[Problem details] In the data below, the answer is the run of lines from the line containing "The kids had" through the line containing "Encantador y acogedor", both included; print it exactly and nothing else.

[Source material]
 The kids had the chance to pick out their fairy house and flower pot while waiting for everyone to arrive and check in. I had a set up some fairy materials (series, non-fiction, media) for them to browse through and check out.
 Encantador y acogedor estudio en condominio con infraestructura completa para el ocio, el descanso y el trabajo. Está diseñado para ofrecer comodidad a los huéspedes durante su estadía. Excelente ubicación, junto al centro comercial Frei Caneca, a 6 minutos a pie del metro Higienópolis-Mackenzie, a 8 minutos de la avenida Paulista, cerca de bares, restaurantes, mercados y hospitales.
---
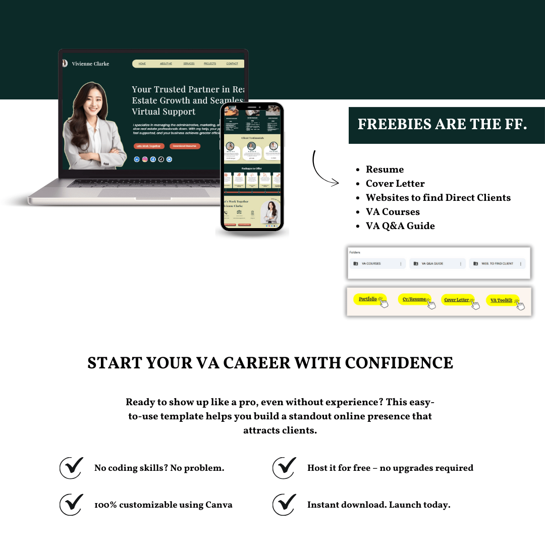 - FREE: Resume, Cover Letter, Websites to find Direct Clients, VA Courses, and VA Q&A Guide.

[Answer]
 The kids had the chance to pick out their fairy house and flower pot while waiting for everyone to arrive and check in. I had a set up some fairy materials (series, non-fiction, media) for them to browse through and check out.
 Encantador y acogedor estudio en condominio con infraestructura completa para el ocio, el descanso y el trabajo. Está diseñado para ofrecer comodidad a los huéspedes durante su estadía. Excelente ubicación, junto al centro comercial Frei Caneca, a 6 minutos a pie del metro Higienópolis-Mackenzie, a 8 minutos de la avenida Paulista, cerca de bares, restaurantes, mercados y hospitales.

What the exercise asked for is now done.